Do you have any hobbies (other than writing)?
I recently started making altered tags (I’m going to use them as Christmas ornaments), and before that I made a couple altered books. I wish I had more time for hobbies.
What is the most exciting thing you have done?
I don’t know about exciting, but I remember it vividly. I took a trip to Cape Wrath, at the farthest northwestern point of mainland Scotland (to get there I had to take a rowboat across the Kyle of Durness), and stayed at the lighthouse there. Just me and three male lightkeepers, who were the sweetest men in the world. My first morning there, I took a four-hour walk on the cape.

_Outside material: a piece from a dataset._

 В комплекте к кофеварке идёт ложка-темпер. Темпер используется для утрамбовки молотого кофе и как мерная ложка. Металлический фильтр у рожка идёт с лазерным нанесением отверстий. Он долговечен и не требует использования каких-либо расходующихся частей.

The only creatures, human or animal, in sight were seagulls. It was barren and beautiful. That night we all watched Remembrance Day ceremonies on television.
Sweet or salty?
Here’s my view on sweet and salty: It must be both, but one must alternate. First one, then the other.
When do you write, morning, evening, or when the urge strikes?

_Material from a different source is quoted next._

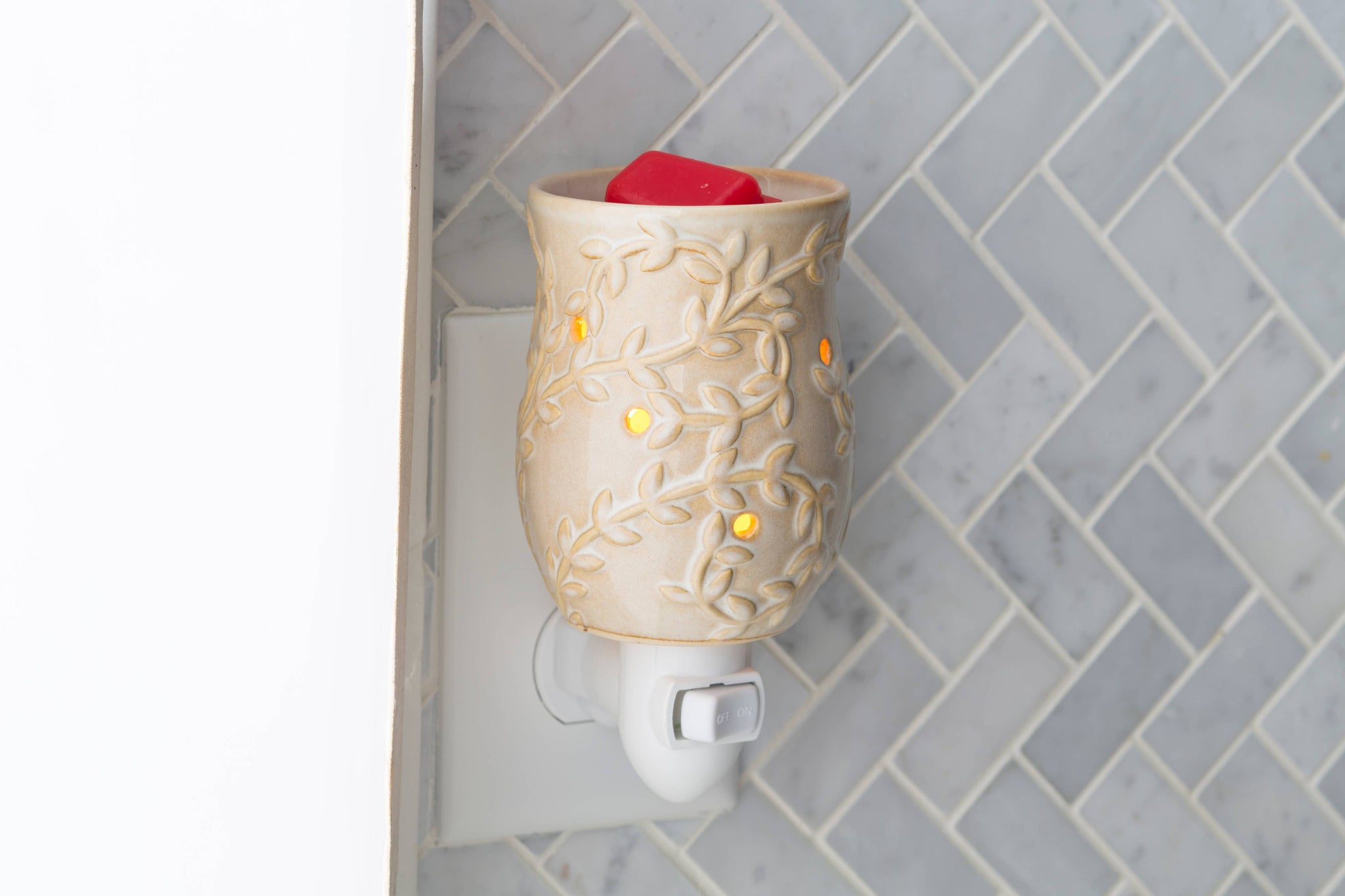 DESIGN: An ivory reactive glaze over a rich vine pattern, this pluggable warmer is a neutral accent in any small space. FUNCTION: Pluggable Fragrance Warmers can be used in both vertical and horizontal outlets by twisting the plug base, making them ideal for above counter outlets in small rooms and spaces.

Because I work full time, and sometimes more, I write whenever I can. Lately my weekends have been fully devoted to writing. My house is a mess.
Are you working on any other books? Tell us about them.

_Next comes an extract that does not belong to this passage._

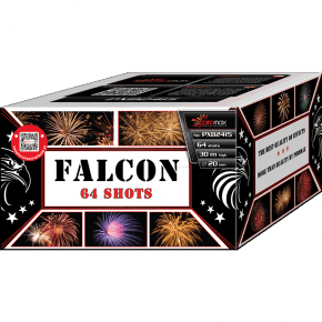 Bateria Falcon PXB2415 to produkt marki Piromax. Zawiera 64 strzały kalibru 20 mm. Układ efektów pionowy z rozkładem kompozycji na pułapie około 30 metrów. Czas efektu wynosi ok. 65 sekund.
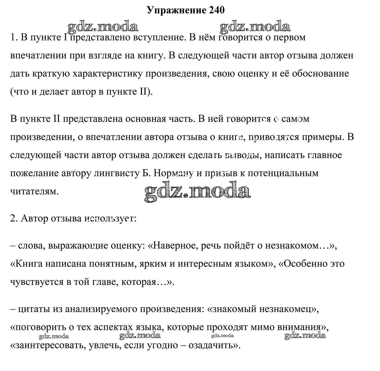 ГДЗ решение к заданию № 240 Русский язык 9 класс Мурина Л.A Национальный институт образования 2011 ФГОС бесплатно на гдз.мода!

I’m working on my second Anna Denning mystery, Sparrow House, which will be released in December. And last month, along with two other writers, Amy K. Maddox and Cynthia Bruner, I release Fount: Stories of Storms and Grace, a book of short stories.
What do you enjoy most about writing? What do you dislike?
I love writing most when the writing overtakes me, when somehow the characters take on lives of their own and somehow, in the midst of writing, an idea occurs to me that didn’t occur to me when I was plotting the book. It’s fun and exciting. What do I most dislike? That I have to stop writing to work, clean house, or run errands.
If you could meet any person living or dead, real or literary, who would it be, and why?
C.S. Lewis comes to mind first. I have so many questions I’d love to ask him, I’d probably bore the poor man senseless. I’d love to meet Rich Mullins, too, as well as Beth Moore. I’d pepper them all with questions, and no doubt they’d run screaming from me after a few minutes! As far as literary characters go, I’d love to meet Joe Leaphorn, Tony Hillerman’s Navajo detective. We wouldn’t talk at all. We’d sit silently, sipping black coffee at some out-of-the-way diner in New Mexico, then he’d go off to work and I’d drive back to Colorado.
Where can we find you online?
My website is http://www.karinkaufman.com
My blog is http://www.karin-kaufman.blogspot.com.
On Facebook: http://www.facebook.com/#!/authorkarinkaufman
as well as, Goodreads, and Twitter.
Thanks so much, Karin! When I read your book, I had a couple of questions specific to The Witch Tree. Would you mind answering them?
The main character in your book finds herself at odds with a group of self-proclaimed witches and wiccans. How did you research to become so informed about their beliefs and practices?
What drove me to write this book was that in my twenties, even though I considered myself a Christian, I dabbled in wicca. I feel tremendous empathy for young people caught up in wicca, witchcraft, and paganism. I completely understand what draws them to those dangerous and ultimately unfulfilling “paths.”
Many times authors draw from personal experiences in telling stories. Is there a part in this book that reflects a personal experience?
Yes, the whole book does, really. Not the specifics of the plot, but the book in general. I wanted to tell a story about Christians who aren’t perfect. Christians who struggle, have doubts, get angry, do foolish things, and are generally human. I don’t find this enough in Christian fiction. I wanted to put those human failings in my book because my journey with Christ has been one full of doubts and falling down, as well as being lifted back up. But we can’t leave out the falling down parts. One of my favorite Rich Mullins quotes is “Let people see your struggles and don't ever fake it.” I won’t let my Christian characters fake it.
Your subtitle hints at more Anna Denning books. Is this going to be a series? When can we expect the next one?
Book number 2, Sparrow House, will be out in December!